Recorded data =
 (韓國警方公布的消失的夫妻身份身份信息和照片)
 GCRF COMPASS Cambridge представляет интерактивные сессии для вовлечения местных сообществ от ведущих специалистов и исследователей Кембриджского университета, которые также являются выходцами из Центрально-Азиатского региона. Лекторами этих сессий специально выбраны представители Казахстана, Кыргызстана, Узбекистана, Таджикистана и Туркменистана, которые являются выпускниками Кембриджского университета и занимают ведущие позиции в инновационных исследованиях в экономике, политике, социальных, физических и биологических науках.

* * *

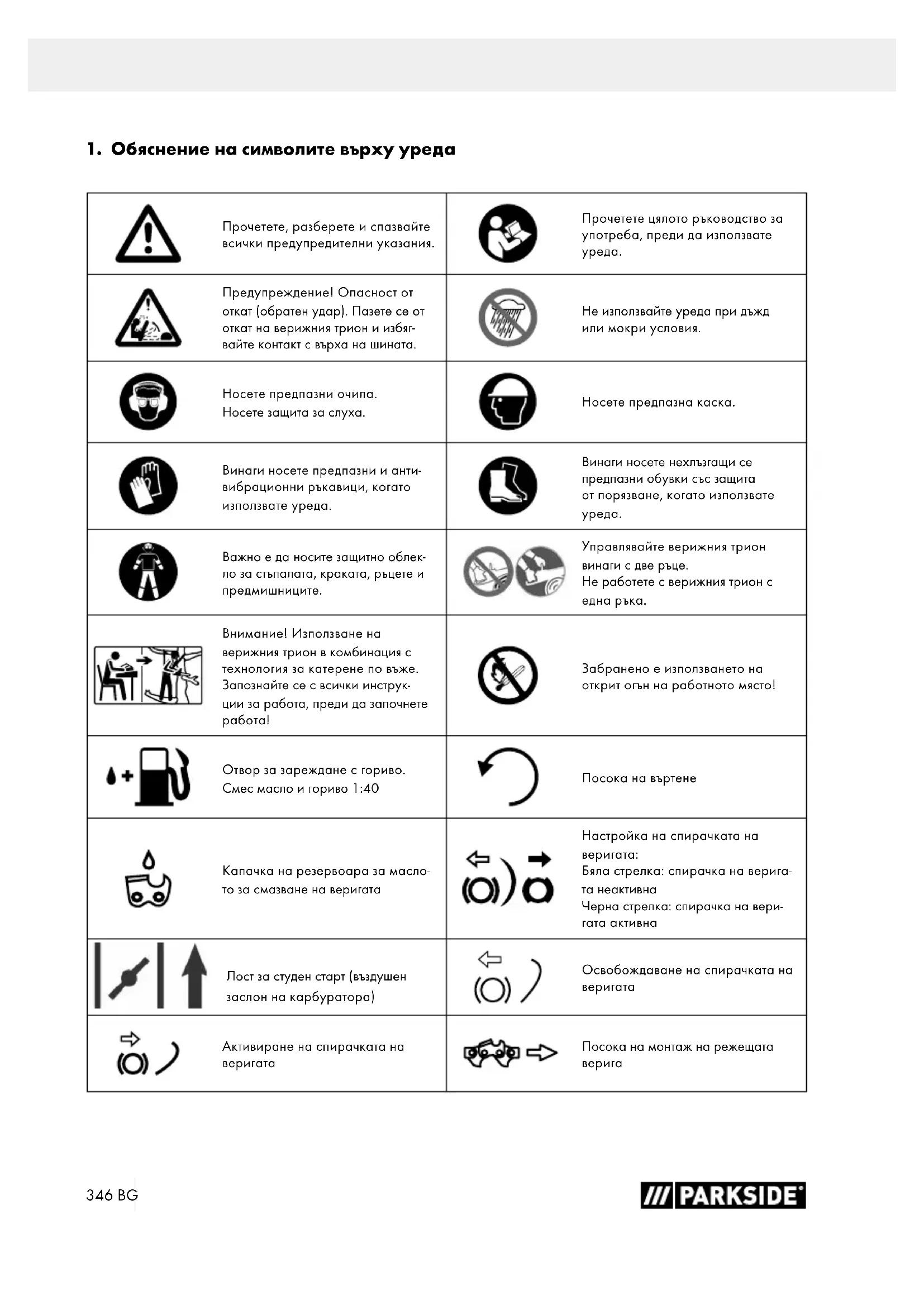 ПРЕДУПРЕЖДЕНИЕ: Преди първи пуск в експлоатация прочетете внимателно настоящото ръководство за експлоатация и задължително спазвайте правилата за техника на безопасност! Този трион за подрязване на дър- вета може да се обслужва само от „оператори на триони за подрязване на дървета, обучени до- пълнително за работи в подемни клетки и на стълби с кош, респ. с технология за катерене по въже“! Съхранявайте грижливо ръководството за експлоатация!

Assignment = Repeat exactly the lines of the listing above, from the one with "(韓國警方公布的消失的夫妻身份身份信息和照片)" down to the one with "GCRF COMPASS Cambridge"; both of those lines belong in the range.

Output below =
 (韓國警方公布的消失的夫妻身份身份信息和照片)
 GCRF COMPASS Cambridge представляет интерактивные сессии для вовлечения местных сообществ от ведущих специалистов и исследователей Кембриджского университета, которые также являются выходцами из Центрально-Азиатского региона. Лекторами этих сессий специально выбраны представители Казахстана, Кыргызстана, Узбекистана, Таджикистана и Туркменистана, которые являются выпускниками Кембриджского университета и занимают ведущие позиции в инновационных исследованиях в экономике, политике, социальных, физических и биологических науках.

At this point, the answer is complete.